EvictionUSA
Florida × Miami-Dade Guide

How Long Does an Eviction Take in Miami-Dade?

The honest, realistic timeline — not the legal-aid theoretical version. Most uncontested Miami-Dade evictions complete in 3–5 weeks. Contested cases run 60–90 days. Here's what actually happens, week by week.

Last verified May 8, 2026
Best case
21 days
Uncontested, tenant defaults
Typical
28–35 days
Uncontested, normal court speed
Contested
60–90 days
Tenant deposits rent + appears

The week-by-week timeline (uncontested non-payment)

A typical Miami-Dade non-payment eviction where the tenant doesn't respond. Each step starts when the previous one finishes — no parallelization possible.

  1. Day 0

    Serve the 3-Day Notice

    Hand-deliver, leave with household member 15+, or post on the door. Do not mail alone. Document time and method.

  2. Day 1–3

    Notice period (3 business days)

    Excludes weekends and legal holidays. Tenant has the option to pay in full or vacate. Most don't do either.

  3. Day 4–5

    File Complaint for Eviction

    File at Miami-Dade Civil Courthouse (73 W Flagler St). $185 filing fee + $10 per additional defendant. The Florida E-Filing Portal accepts same-day filings until 11:59 PM.

  4. Day 5–10

    Tenant served

    Sheriff's civil division serves within 5–7 business days. A professional process server can serve in 1–2 days for an extra $40–60.

  5. Day 10–15

    Tenant's 5-day response window

    Tenant has 5 business days to file an answer AND deposit any disputed rent into the court registry. No answer = default judgment.

  6. Day 15–17

    Default judgment + writ of possession

    Clerk enters default the day after the response window closes. Writ of possession issued same day or next business day.

  7. Day 17–21

    Sheriff lockout

    Sheriff posts 24-hour notice on the door, then performs the lockout. Standard scheduling is 5–10 days from writ issuance — often faster.

When the tenant contests

A "contested" Miami-Dade eviction means the tenant filed an answer AND deposited the claimed rent into the court registry within 5 days of service. About 15–20% of evictions end up here. The timeline extends but the outcome usually doesn't change.

PhaseDurationWhat happens
Notice + filing~7 daysSame as uncontested
Tenant answer + deposit5 daysTenant files answer + pays disputed rent into registry
Hearing scheduling30–45 daysCounty court calendars in non-jury hearing
Hearing + ruling1 dayBench ruling typically issued at hearing
Writ + lockout5–10 daysSame as uncontested
Total~60–90 daysLockout achieved

What actually delays Miami-Dade evictions

Tenant evades service

If the tenant won't answer the door, the Sheriff or process server may need 2–3 attempts. Each attempt adds 3–5 days. Eventually you petition for posting service, which adds another week.

Defective notice

The single biggest cause of delays. Wrong amount, wrong day count, mail-only service — and the tenant's lawyer files a motion to dismiss. Adds 30–60 days to refile and re-serve.

Holiday weeks

The Miami-Dade Clerk slows dramatically the week of Christmas, the week of New Year's, and the week of the July 4 holiday. Filings sit in queue 3–5 extra days.

Tenant bankruptcy filing

A Chapter 7 or 13 bankruptcy filing triggers an automatic stay halting your eviction. You must file a motion in bankruptcy court for relief from stay (~2–4 weeks).

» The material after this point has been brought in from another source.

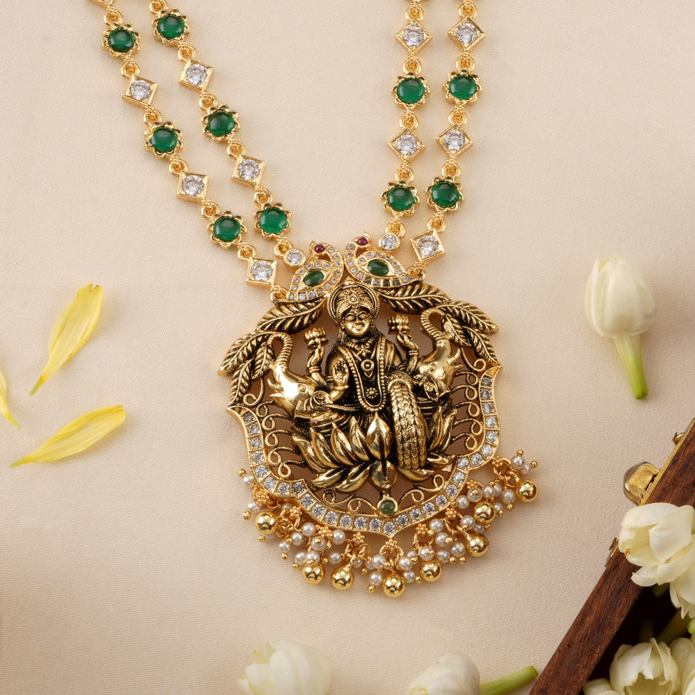 Choose from the grandeur of the Antique Coral & White Stone Lakshmi Haram (₹34,200) or the intricate Heritage Emerald Lakshmi Necklace (₹36,950). Whether it’s the majestic Two-Layer Regal Peacock Haram (₹35,850) or the elegant Pearl Drop with Lakshmi Antique Necklace (₹9,200)—every necklace tells a story.

Service member protections

Active-duty military tenants are protected under SCRA. The court will not enter default and you must comply with SCRA notice requirements (~1–2 weeks delay).

No local extensions can stretch this timeline

Some Miami-Dade and Broward cities tried to add 60-day notice requirements or mandatory mediation periods. Florida HB 1417 (effective July 1, 2023) preempted these. The timelines on this page apply uniformly across all Miami-Dade cities — Aventura, Coral Gables, Hialeah, and the rest.

Related guides

Authoritative Florida resources

Primary sources for statutory text, court procedures, and licensed legal help.

FAQ

What's the fastest possible eviction timeline in Miami-Dade?

About 3 weeks (21 days) for an uncontested non-payment case where the tenant doesn't respond at all. Day 1: serve 3-Day Notice. Day 4–5: file the eviction. Day 10: tenant served. Day 15: tenant's 5-day response window closes. Day 17: default judgment. Day 21: writ of possession + Sheriff lockout.

How long if the tenant contests the eviction?

60–90 days. The tenant must deposit the disputed rent into the court registry within 5 days of service to preserve their right to defend. If they do, a hearing is scheduled (typically 30–45 days out). Most contested cases still resolve in the landlord's favor — the delay is the cost.

Does Miami-Dade Sheriff really show up the same week the writ is issued?

Usually yes. Once the writ of possession is issued by the clerk and the Sheriff's civil division receives it, the Sheriff posts a 24-hour notice on the door. Lockouts typically happen within 5–10 business days of the writ being issued.

Why do some evictions take 60+ days even uncontested?

Tenant service delays are the biggest factor. If the tenant is hard to locate or evades service, the case sits while you wait for personal service or post-and-mail authorization. Other delays: holidays in the courthouse, clerical backlog, or filing errors that get the case kicked back.

Can I speed up the timeline?

Three things shave days: (1) serve the 3-Day Notice cleanly via hand-delivery (not posting) to start the clock unambiguously, (2) e-file the same day the notice expires using the Florida E-Filing Portal, (3) hire a professional process server to serve the tenant on day 1 of filing instead of waiting for the Sheriff's queue.

Start the clock on day zero today

Generate your statutory notice in 90 seconds — every day you wait pushes the lockout date further out.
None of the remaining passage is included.